Glade Optics is a Breckenridge-based goggle company that aims for the sweet spot between a low price tag and high value. This season we’ve received a few models to put through our testing process, starting with their award-winning Challenger Goggle.

In our initial overview, we’ll be pitting the Challenger against top-performers to see if this accessible alternative can hold its own against Oakley, Smith, and other industry titans.

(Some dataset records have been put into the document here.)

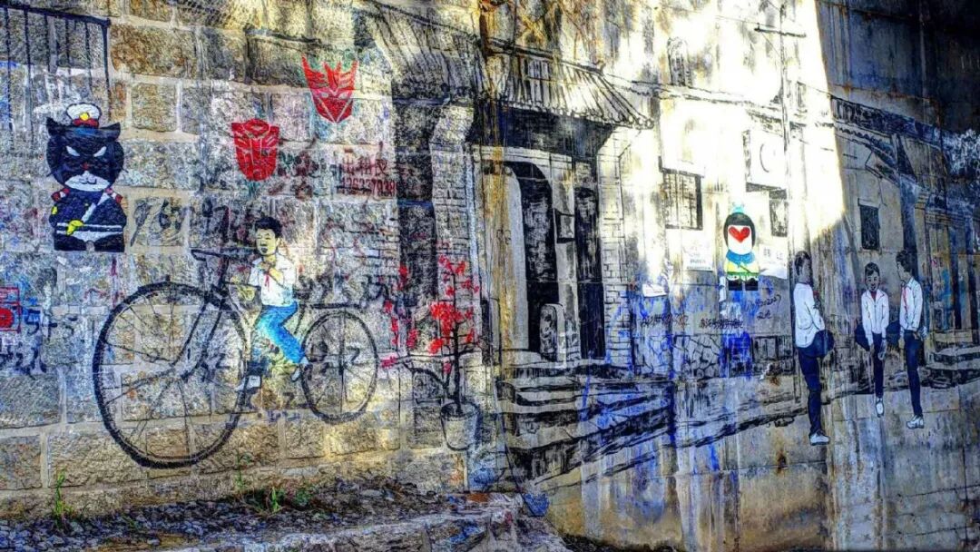 在这里,废弃瓦房的老式建筑、到处充满新潮艺术气息的涂鸦喷绘、老式的火车模型,景色风光依然有点复古与现代的结合风,僻静赏书味,意境,深刻的体会到旧时代与新时代的混搭融合。
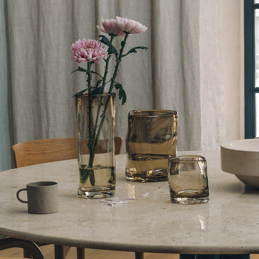 Sine is a series of organic, unique vases in three sizes. All vases are mouth-blown by skilled artisans at Hadeland Glassverk.
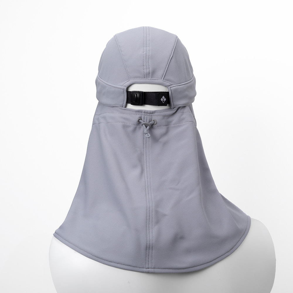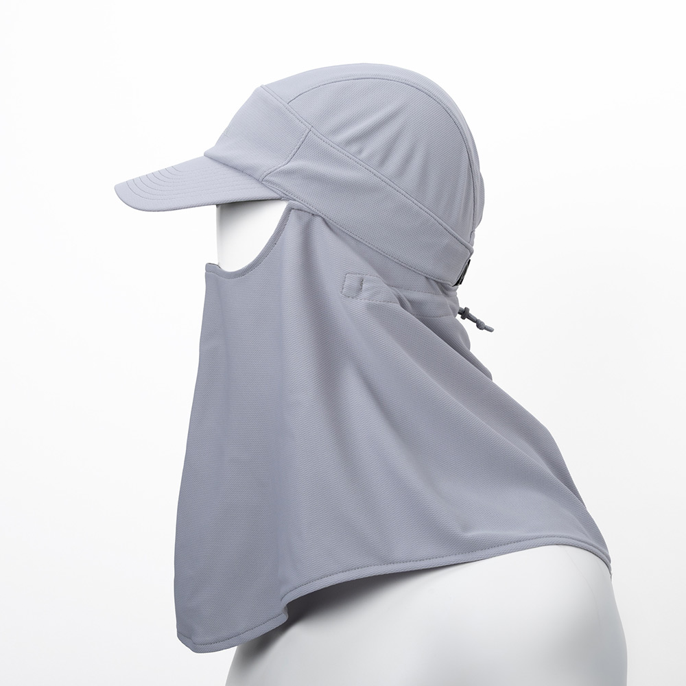 顔から首筋にかけてすっぽりと覆える取り外し可能なシェード付きのキャップです。高い紫外線カット効果を備えたウイックロン®クールを使用。生地には消臭機能を備えています。シェードは後頭部に設けたコードでフィット感を調節することができます。
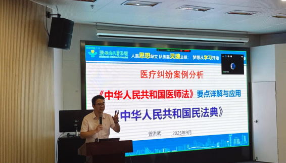 随后,曾洪武副院长代表医院领导班子致辞。他表示,医疗业务岗前培训是医院人才培养体系的重要组成部分,有助于新员工树立依法执业意识、提升医疗质量、保障患者安全,是职业生涯的重要起点。曾洪武副院长指出,医疗质量安全是医院工作的核心,希望新员工珍惜学习机会,夯实业务基础,为今后临床工作做好充分准备。致辞结束后,曾洪武副院长讲授了培训首课《依法执业与医疗卫生相关法律法规解读》,结合相关案例,从法律法规与职业规范角度进行了系统讲解。

We’ll be updating the guide as we spend more time getting to know Glade Optics while winter ramps up, but in the meantime here are the tech specs and preseason impressions.

Where to buy:
Specs & Features:
  • Dual Layer Polycarbonate Lens
  • Cylindrical “frameless” build
  • Quicklens snap out lens change system
  • Ultraclear anti-fog ventilation system
  • Flexible TPU frame
  • Detachable strap with silicone grip
  • Wide helmet compatibility
What we like:
  • Competitive quality coming from a small business
  • Affordable spare lenses so you can actually make use of the swap technology
  • Impressively low price tag
What we don’t like:
  • While the lens change system works, it’s a little clunky
  • Only comes with one set of lenses

The Anon M4 Toric is one of the top-performing ski goggles across multiple categories. We recently had the chance to put it through our intense vetting process from the resort to the backcountry. The bottom line is that the M4 Toric is an exceptionally well-made product.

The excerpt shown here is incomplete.